The Mole-Cricket was always scarce, has declined substantially, and recent records of it are from only two sites in The New Forest. Indoor species such as the House-Cricket, and occasional vagrants such as the Egyptian Grasshopper and Migratory Locust are not included.
For the areas this book covers, it includes all widespread Orthoptera: Grasshoppers, Groundhoppers, Crickets; and all Dermaptera: Earwigs. This selection reduces the potential number of species you may see. It makes identification simpler, until climate change causes more species to head to Britain from northern Europe.

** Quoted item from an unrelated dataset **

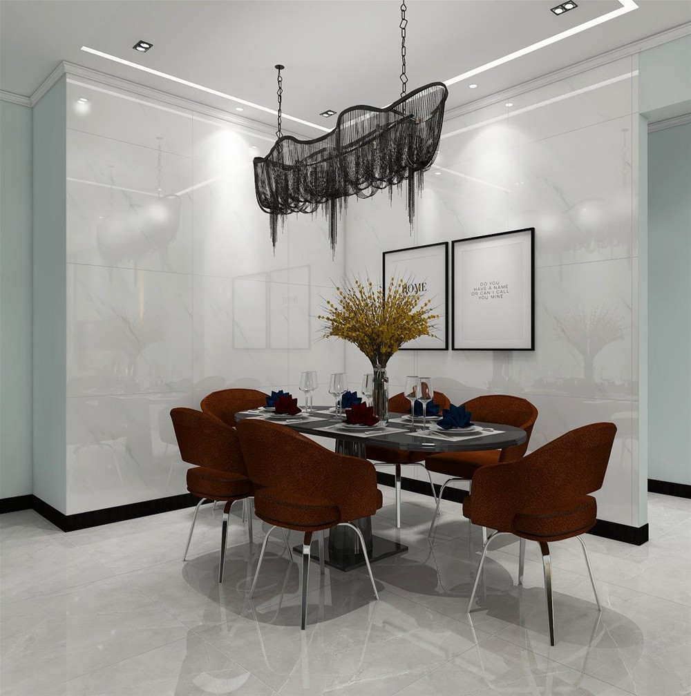 餐廳的色彩和質(zhì)地是整個大空間的美好衍生,餐椅的布藝軟包沿用了高調(diào)的橙色,搭配爵士白餐廳背景墻,吊燈是創(chuàng)意十足的流蘇元素,帶來了十分愜意的用餐感受。

Following a brief overview of the Orthoptera and Dermaptera, there are 20 pairs of pages of Species Accounts of Orthoptera (Crickets, Groundhoppers and Grasshoppers) each pair of pages covering one species, with identification and other information on the left page and a series of colour photos of the species on the righthand page. Then four pairs of pages cover the four Species Accounts of the Dermaptera (Earwigs). The left pages provide: length, key identification features, habitat, song (a concise description), and distribution. There are no maps of distribution. The book concludes with the Appendix, a page of References and Further Reading and two for the Index, but no Glossary.

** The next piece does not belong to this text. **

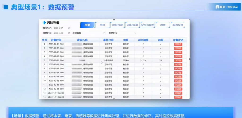 以水表、电表和传感器数据为例,这些数据同样来源于不同的系统,且水表型号多样、更新频率各异。为了实现对这些数据的实时监控与预警,可以借助数据集成工具。通过整合、清洗和修正来自各系统的传感器数据,建立了一个高效的数据处理流程。这一流程能够及时发现设备异常、漏水等问题,并通过表间关联预判潜在风险,从而保障校园运行的安全与稳定。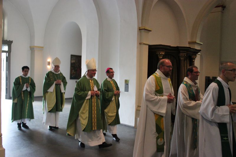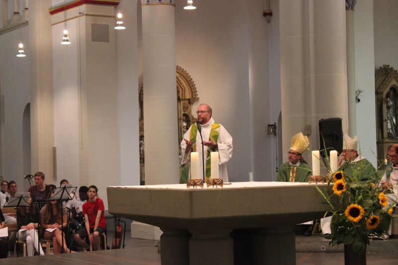 „Christen waren die Ersten, die die Hände zur Versöhnung zwischen Frankreich und Deutschland ausgestreckt haben. Einer dieser jungen Menschen war Franz Stock“, erinnerte Weihbischof Matthias König in seiner Predigt beim Pontifikalamt in der St. Johannes-Kirche. „Er hat ein neues Fundament für die deutsch-französische Freundschaft gelegt. Wir wissen, dass das heutige Europa darauf gründet. Es verbindet sich damit auch ein Auftrag an junge Menschen, sich für Frieden und Freundschaft einzusetzen. Die Liebe bleibt die stärkste Waffe gegen Hass. Das ist schon immer christliche Überzeugung gewesen.“

The colour photos cover: males and females, with a few of the early instar nymphs. Key features are arrowed on the photos. Some photos show significant details such as comparison of hind-knee features of Groundhoppers, or size comparison showing a 7-spot Ladybird alongside a tiny male Lesser Earwig.
Most photos are well-lit and clear, but some that show Orthoptera in their habitat unintentionally illustrate the effectiveness of their body-colour camouflage, as these are less distinct. This is where colour line drawings by a capable entomologist and proficient artist would have been useful, but costs of that painstaking artwork tend to make that work possible only for much higher print runs.
This Guide is focused on identification and provides clear and brief descriptions of features. It is an ideal size to use in the field.